Thank you very much!
非常感谢你!
#include<stdio.h>
#include<stdlib.h>
void reverse(char* str)
{
char* end = str;
char* i = str;
char* j = str;
while(*end)
++end;
j = end;
*end = *str;
while(j > i)
{
*i = *j;
++i;
*j = *i;
++j;
}
while(i < end)
{
*i = *(i+1);
++i;
}
*i = '\0';
}
void main(int argc, char* argv[])
{
char* str_test1;
char* str_test2;
str_test1 = (char*) malloc(10);
str_test2 = (char*) malloc(2);
str_test1 = "abcdefjhi";
str_test2 = "a";
printf("input str1=%s, str2=%s", str_test1, str_test2);
reverse(str_test1);
reverse(str_test2);
printf("output str=%s, str2=%s", str_test1, str_test2);
free(str_test1);
free(str_test2);
}
[After I change the code to the following, it works.]
[将代码更改为以下代码后,它可以正常工作。
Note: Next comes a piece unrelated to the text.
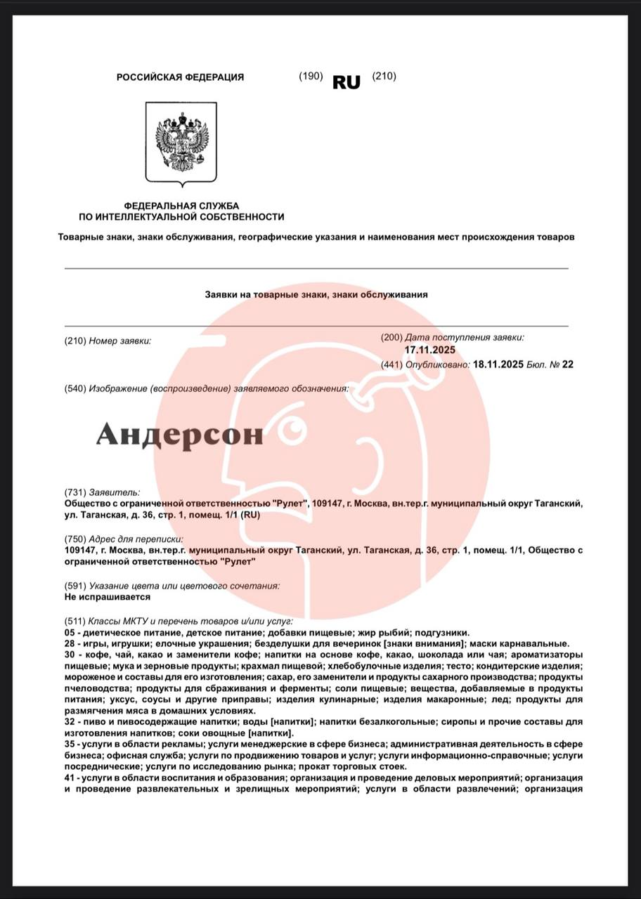 🤓Сеть кафе «Андерсон» затеяла ребрендинг. Напомним, теперь она принадлежит Вкусвиллу. Заявка на регистрацию нового логотипа подана от имени юрлица ритейлера.

]
#include<stdio.h>
#include<stdlib.h>
#include<string.h>
void reverse(char* str)
{
char* end = str;
char* i = str;
char* j = str;
while(*end)
++end;
j = end;
*end = *str;
**--j;**
while(j > i)
{
*i = *j;
++i;
*j = *i;
**--j;**
}
while(i < end)
{
*i = *(i+1);
++i;
}
*i = '\0';
}
void main(int argc, char* argv[])
{
char* str_test1;
char* str_test2;
str_test1 = (char*) malloc(10);
str_test2 = (char*) malloc(2);
strcpy(str_test1, "abcdefjhi");
strcpy(str_test2,"a");
printf("input str1=%s, str2=%s\n", str_test1, str_test2);
reverse(str_test1);
reverse(str_test2);
printf("output str=%s, str2=%s\n", str_test1, str_test2);
free(str_test1);
free(str_test2);
}
1 个解决方案
#1
5
This does not do what you think it does:
这不符合你的想法:
str_test1 = (char*) malloc(10);
str_test2 = (char*) malloc(2);
str_test1 = "abcdefjhi";
str_test2 = "a";
You probably wanted this:
你可能想要这个:
str_test1 = (char*) malloc(10);
str_test2 = (char*) malloc(2);
strcpy(str_test1, "abcdefjhi");
strcpy(str_test2, "a");
Or this:
char str_test1[10] = "abcdefjhi";
char str_test[2] = "a";
What you currently have allocates memory, and then overwrites the pointer to the memory you allocated with a pointer to a read-only string literal, and that's a good way to earn a segfault.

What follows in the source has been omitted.